The Reform Support Programme will support priority reforms in all EU Member States, with an overall budget of €25 billion. It comprises three elements: a Reform Delivery Tool, to provide financial support for reforms; a Technical Support Instrument, to offer and share technical expertise; and a Convergence Facility, to help Member States on their way to joining the euro.
The Reform Delivery Tool will provide budget support for key reforms identified in the context of the European Semester, with €22 billion available to all Member States.
The aim of the Technical Support Instrument is to help Member States design and implement reforms and to improve their administrative capacity. This builds on the experience of the Structural Reform Support Programme which has supported over 440 reform projects in 24 Member States in recent years. The tool is available to all Member States and has a budget of €0.84 billion.
The Convergence Facility of €2.16 billion will provide dedicated financial and technical support to Member States having made demonstrable steps towards joining the euro. This Facility does not alter the criteria in place for accession to the euro but it will provide practical support to ensure a successful transition towards, and participation into, the euro for those Member States wishing to join.
The European Investment Stabilisation Function will help stabilise public investment levels and facilitate rapid economic recovery in cases of significant economic shocks in Member States of the euro area and those participating in the European Exchange Rate Mechanism (ERM II). This Function will complement the role of existing national automatic stabilisers.
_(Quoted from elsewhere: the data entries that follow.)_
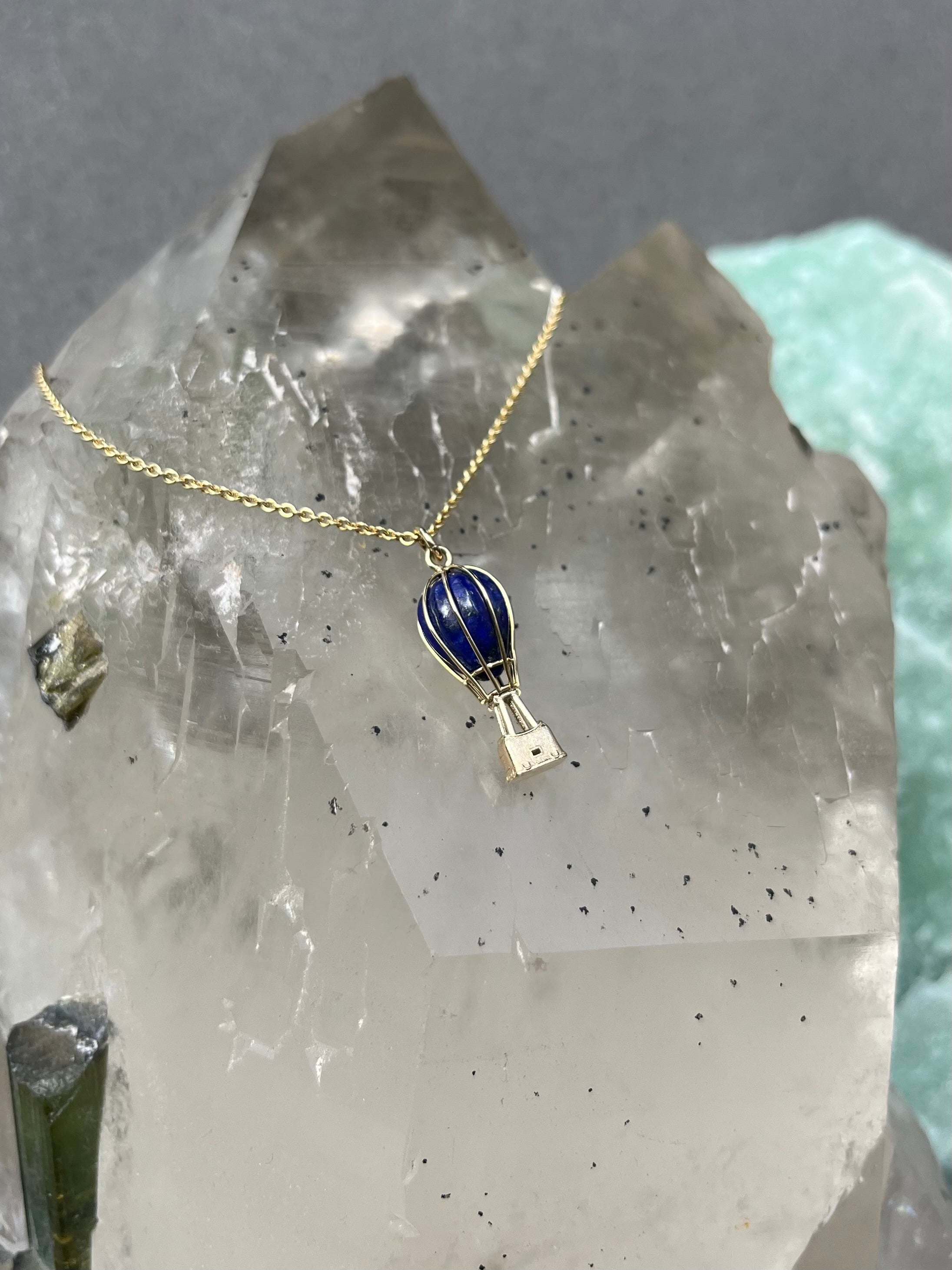 14k gold pendant handmade hot air balloon pendant with lapis lazuli
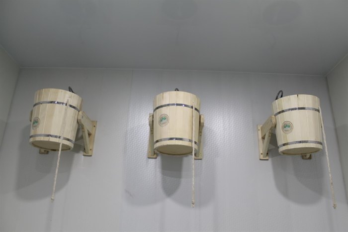 Таким образом, через две недели в бане будут работать два отделения, одно из них с бассейном. В каждом отделении – сауна и парилка. В отделениях будут столики для чаепитий и отдельные комнаты отдыха. Отделения оборудованы душевыми кабинками, а также ведерками для обливания.
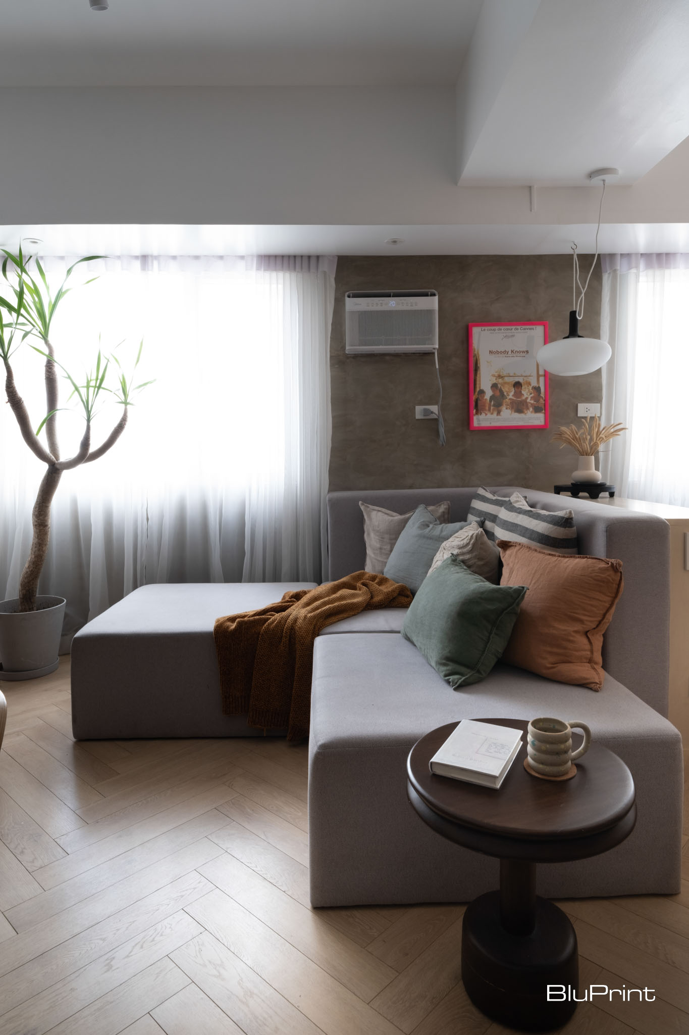 Upon entering, the arch full-length mirror in the dining area instantly creates a sense of spaciousness. Calvento easily hosts guests with an L-shaped couch and a four-seater dining table that accommodate visitors comfortably.
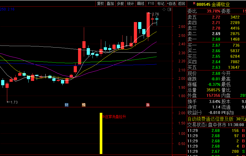 3.主力行为分析:特别针对庄家洗盘阶段的特征信号进行捕捉。

Subject to strict criteria of sound macroeconomic and fiscal policies, loans of up to €30 billion can be rapidly mobilised, together with an interest rate subsidy to cover their cost.
This Function will also include a grant component to cover the full costs of the interest. A new Stabilisation Support Fund will be set up in order to collect contributions from Member States equivalent to a share of their monetary income from the assets they hold in exchange of the banknotes they supply (commonly known as “seigniorage”). The revenues of this Fund will be assigned to the EU budget to provide the interest rate subsidies to the eligible Member States. Such an interest rate subsidy is important to make the instrument financially meaningful.